- [HOW TO COMPLETE THIS TASK]:
Each line of the data below goes into the copy exactly; pictures do not.

[Items from a dataset]
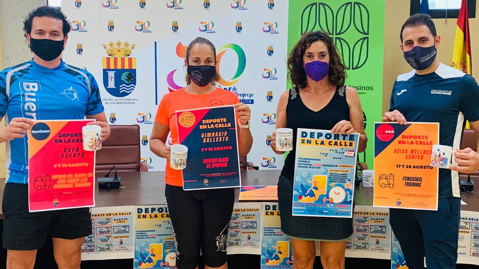 La concejala de Deportes del Ayuntamiento de Los Montesinos, Ana Belén Juárez, ha presentado la iniciativa ‘Deporte en la Calle’ “que acercará la actividad física y deportiva durante el mes de agosto a todo el mundo en un afán por impulsar la vida saludable y apoyar a los gimnasios de la localidad, a quienes la pandemia ha afectado de forma importante”, ha dicho la concejala, quien ha informado que durante los martes y jueves del mes de agosto a las 20h y en la Plaza del Ayuntamiento tres centros deportivos de la localidad y la propia Concejalía de Deportes ofrecerán clases gratuitas aptas para todo el mundo y que después de cada una de ellas se ofrecerá un avituallamiento saludable.
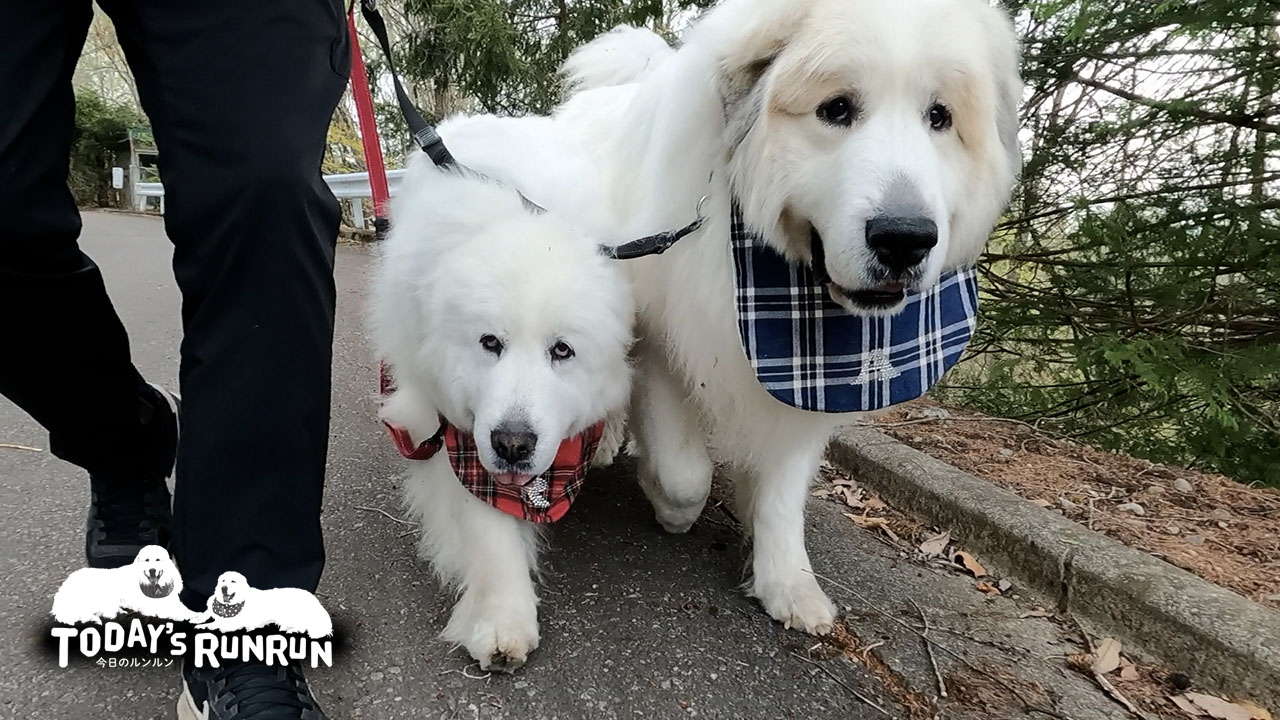 お父さんが静養中なのでまだ息子(格下)と散歩しているルンルンとアラン。もう少ししたらお父さんもリハビリがてら散歩に合流する予定です。
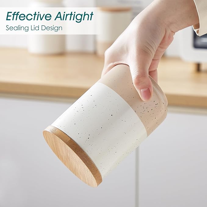 - 【High-quality Material】The canisters are made of high-quality stoneware, which is not easy to crack, and is more durable than plastic and glass. The lid is made of wood, with an environmentally friendly sealing rubber ring to improve the sealing. Effectively keep the items dry and fresh
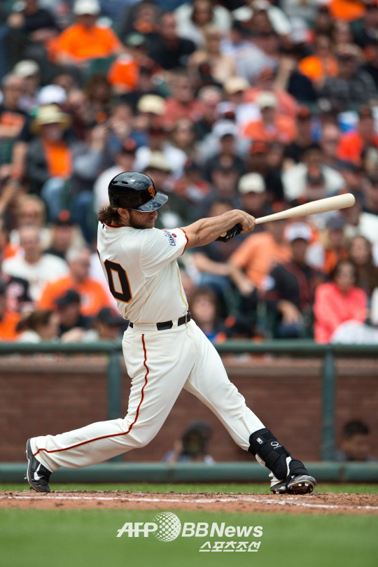 | 샌프란시스코 투수 매디슨 범가너가 22일(한국시각) LA 다저스와의 경기에서 3회말 클레이튼 커쇼로부터 홈런을 쳐내고 있다. ⓒAFPBBNews = News1 |
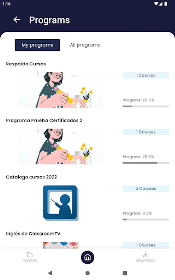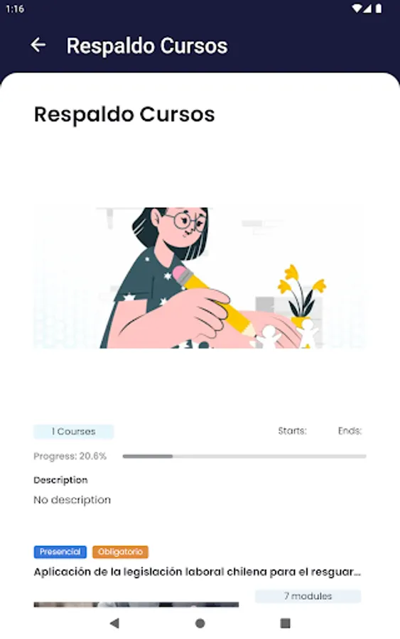 Comprehensive educational application that allows you to carry out recorded video classes, carry out evaluations with verification of answers, and view content in PDF.
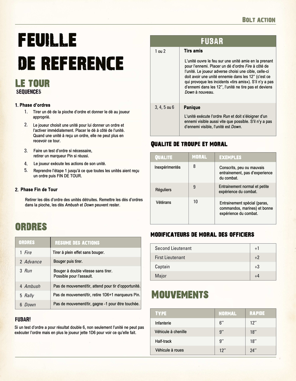 Bolt Action: Rules summary sheet in French!
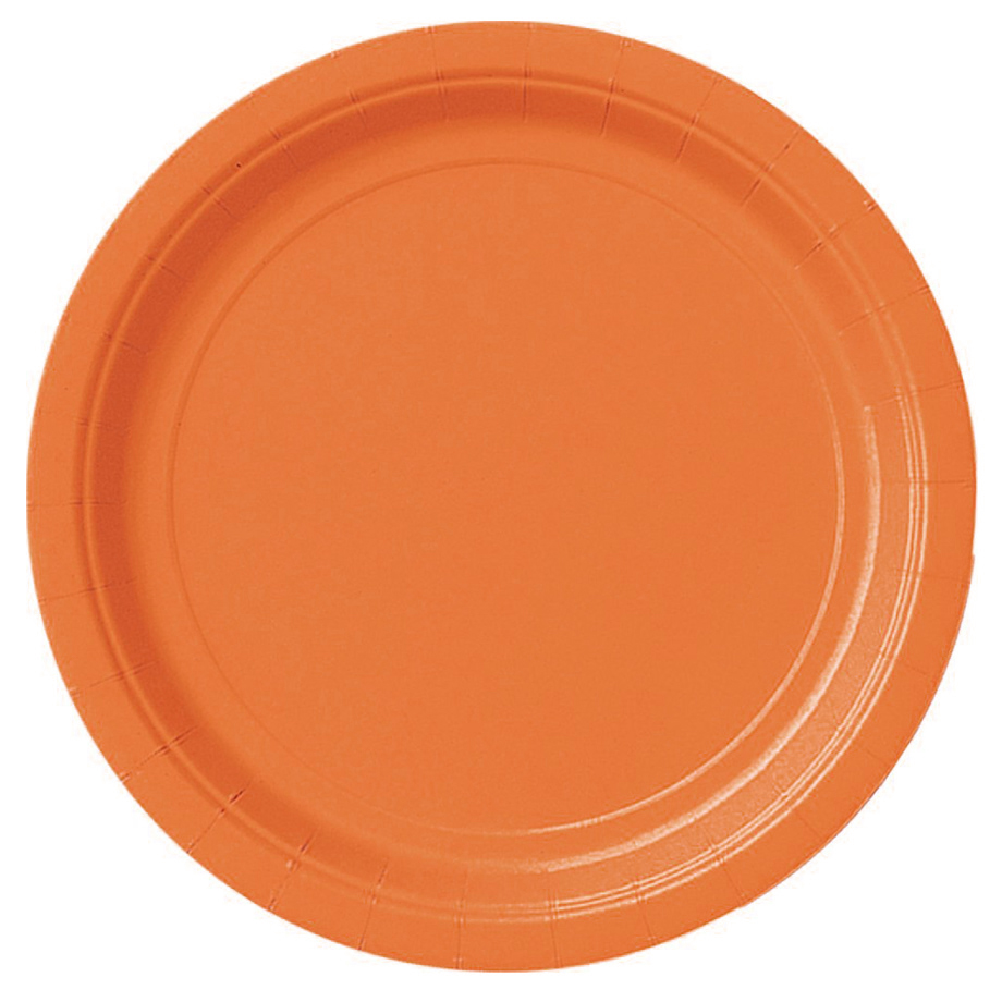 8 kpl isoja oransseja paperilautasia. Yhden lautasen halkaisija on n. 23 cm.
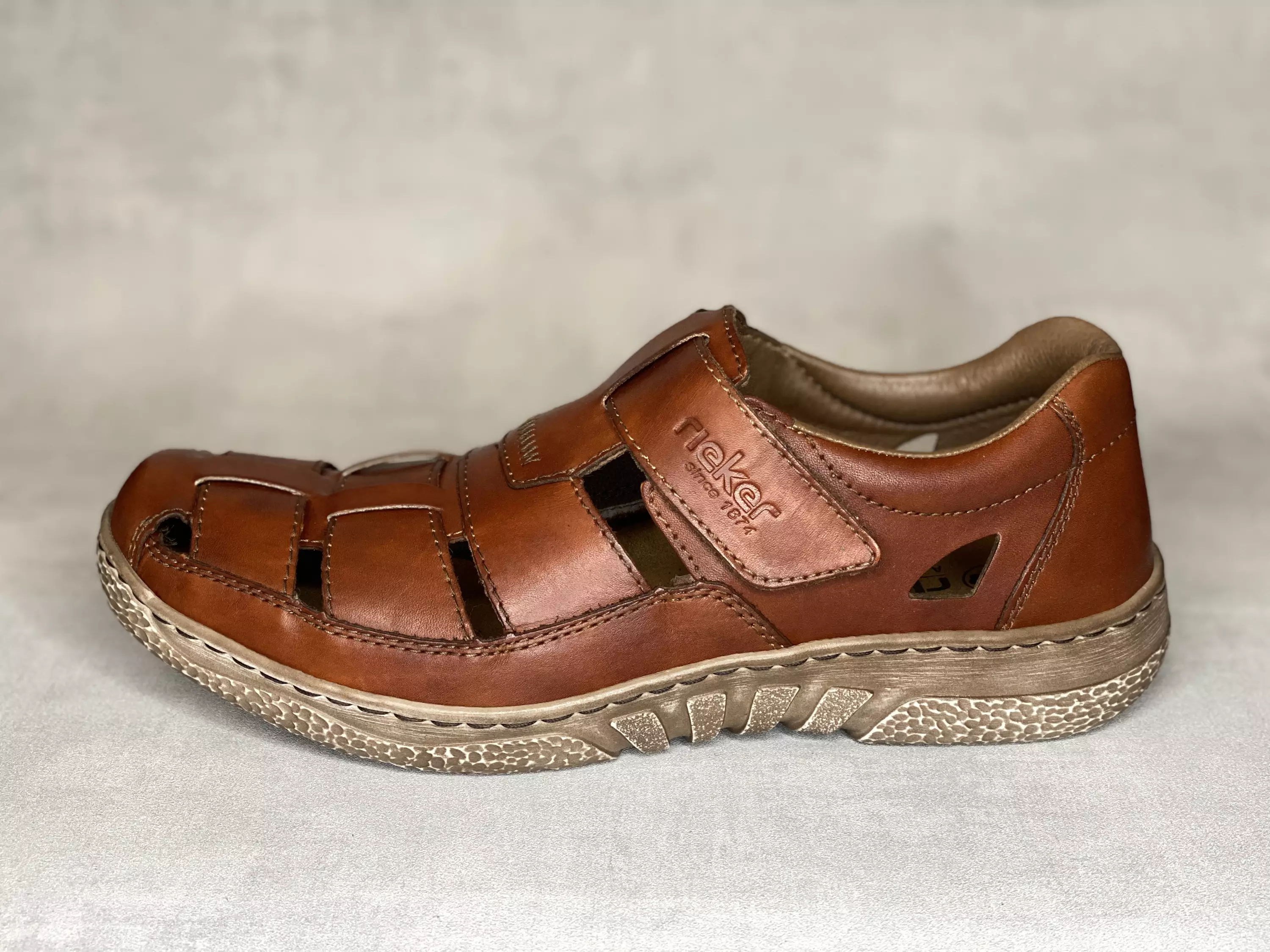 Konjakinruskeat Rieker kävelykengät. Leveälestiset nahkaiset kävelykengät, joissa tarrallinen säätöremmi. Kengän remmien väliin jää tyhjää tilaa, joten jalat ovat hyvin ilmastoidut kesän lämmöissä. Vaihdettavat pohjalliset, eli tarpeen vaatiessa sujautat kenkiin jalkojesi tarpeita parhaiten vastaavat pohjalliset.
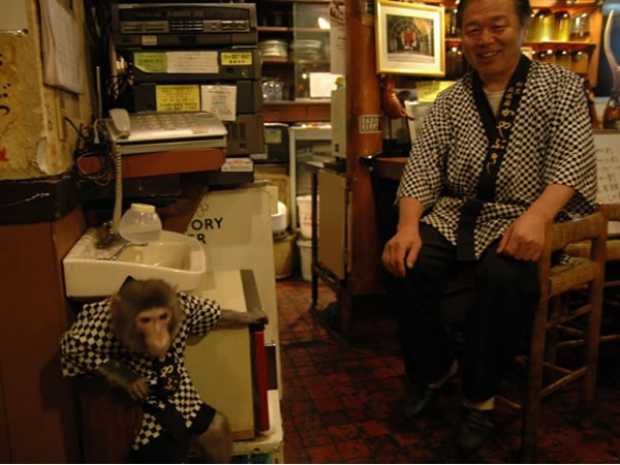 En la taberna Kayabukiya, un restaurante de la ciudad de Utsunomiya (Japón), los que se ocupan de atender a los comensales son dos monos macacos.
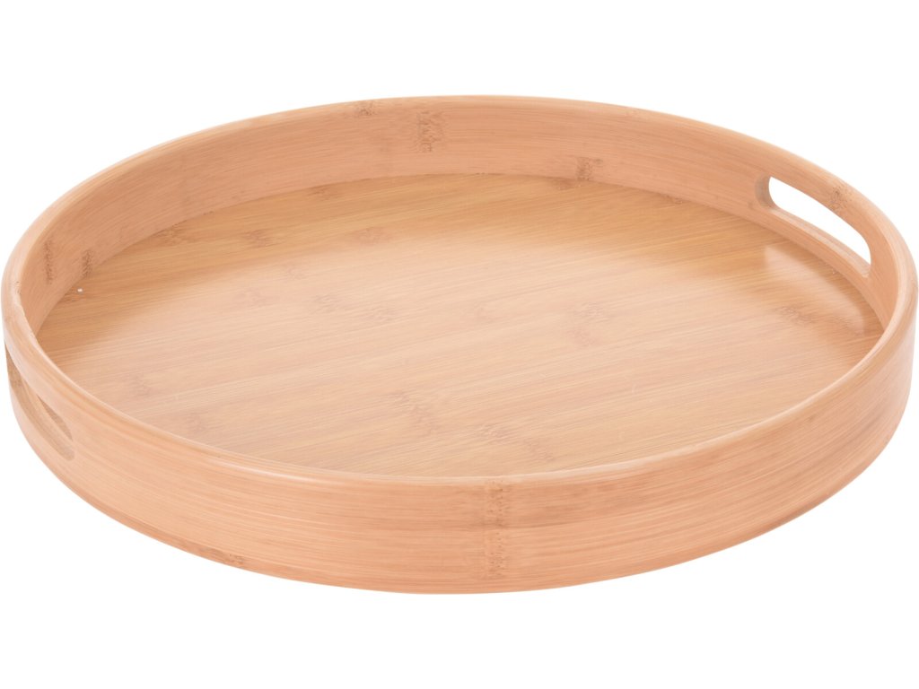 Stylový dřevěný podnos z bambusového dřeva. Chráněn impregnací, která zabraňuje absorpci vlhkosti. Je ideální pro ovoce, sladkosti, hlavní chod, popřípadě na něm můžete vytvořit vkusnou dekoraci. Průměr podnosu 40 cm, výška 5 cm.
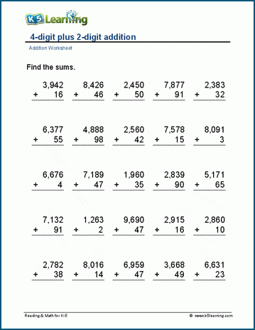 Addition exercises with 1-2 digit numbers (1-99) added to numbers with up to 4-digits (100-9,999). In vertical format with 25 or 42 questions per worksheet.
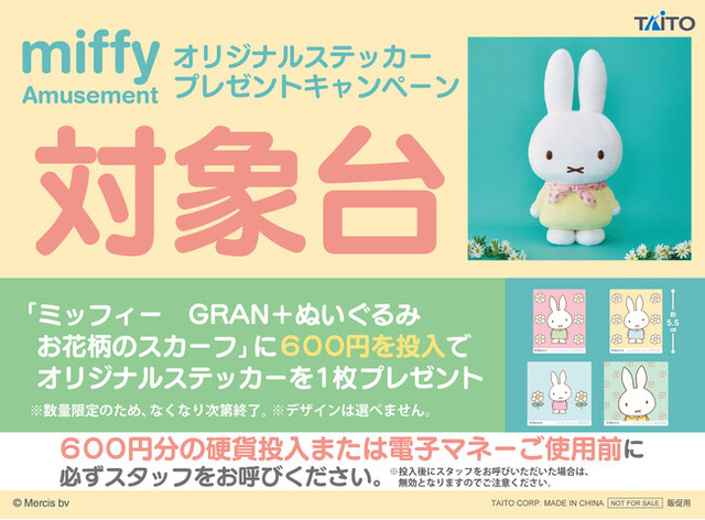 株式会社タイトー(本社:東京都新宿区)は、2月8日(土)より全国のアミューズメント施設にて『ミッフィー オリジナルステッカープレゼントキャンペーン』を開催いたします。
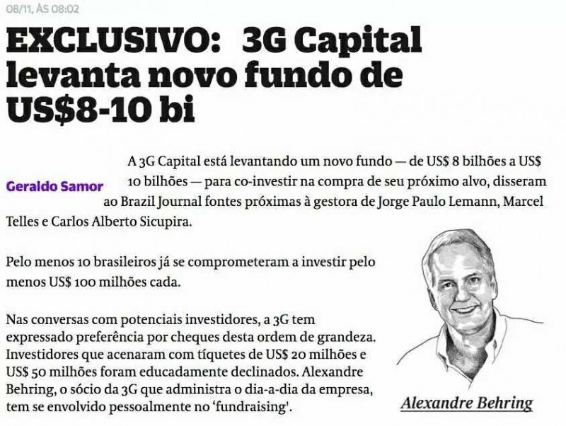 这篇名为《3G资本正在募集80亿-100亿美元》的报道引述接近3G资本总经理的人士表示,这次募资是希望能够联合其他投资者一道收购下一个目标,至少10个巴西人参与到这个投资中去。

- [RESULT]:
 La concejala de Deportes del Ayuntamiento de Los Montesinos, Ana Belén Juárez, ha presentado la iniciativa ‘Deporte en la Calle’ “que acercará la actividad física y deportiva durante el mes de agosto a todo el mundo en un afán por impulsar la vida saludable y apoyar a los gimnasios de la localidad, a quienes la pandemia ha afectado de forma importante”, ha dicho la concejala, quien ha informado que durante los martes y jueves del mes de agosto a las 20h y en la Plaza del Ayuntamiento tres centros deportivos de la localidad y la propia Concejalía de Deportes ofrecerán clases gratuitas aptas para todo el mundo y que después de cada una de ellas se ofrecerá un avituallamiento saludable.
 お父さんが静養中なのでまだ息子(格下)と散歩しているルンルンとアラン。もう少ししたらお父さんもリハビリがてら散歩に合流する予定です。
 - 【High-quality Material】The canisters are made of high-quality stoneware, which is not easy to crack, and is more durable than plastic and glass. The lid is made of wood, with an environmentally friendly sealing rubber ring to improve the sealing. Effectively keep the items dry and fresh
 | 샌프란시스코 투수 매디슨 범가너가 22일(한국시각) LA 다저스와의 경기에서 3회말 클레이튼 커쇼로부터 홈런을 쳐내고 있다. ⓒAFPBBNews = News1 |
 Comprehensive educational application that allows you to carry out recorded video classes, carry out evaluations with verification of answers, and view content in PDF.
 Bolt Action: Rules summary sheet in French!
 8 kpl isoja oransseja paperilautasia. Yhden lautasen halkaisija on n. 23 cm.
 Konjakinruskeat Rieker kävelykengät. Leveälestiset nahkaiset kävelykengät, joissa tarrallinen säätöremmi. Kengän remmien väliin jää tyhjää tilaa, joten jalat ovat hyvin ilmastoidut kesän lämmöissä. Vaihdettavat pohjalliset, eli tarpeen vaatiessa sujautat kenkiin jalkojesi tarpeita parhaiten vastaavat pohjalliset.
 En la taberna Kayabukiya, un restaurante de la ciudad de Utsunomiya (Japón), los que se ocupan de atender a los comensales son dos monos macacos.
 Stylový dřevěný podnos z bambusového dřeva. Chráněn impregnací, která zabraňuje absorpci vlhkosti. Je ideální pro ovoce, sladkosti, hlavní chod, popřípadě na něm můžete vytvořit vkusnou dekoraci. Průměr podnosu 40 cm, výška 5 cm.
 Addition exercises with 1-2 digit numbers (1-99) added to numbers with up to 4-digits (100-9,999). In vertical format with 25 or 42 questions per worksheet.
 株式会社タイトー(本社:東京都新宿区)は、2月8日(土)より全国のアミューズメント施設にて『ミッフィー オリジナルステッカープレゼントキャンペーン』を開催いたします。
 这篇名为《3G资本正在募集80亿-100亿美元》的报道引述接近3G资本总经理的人士表示,这次募资是希望能够联合其他投资者一道收购下一个目标,至少10个巴西人参与到这个投资中去。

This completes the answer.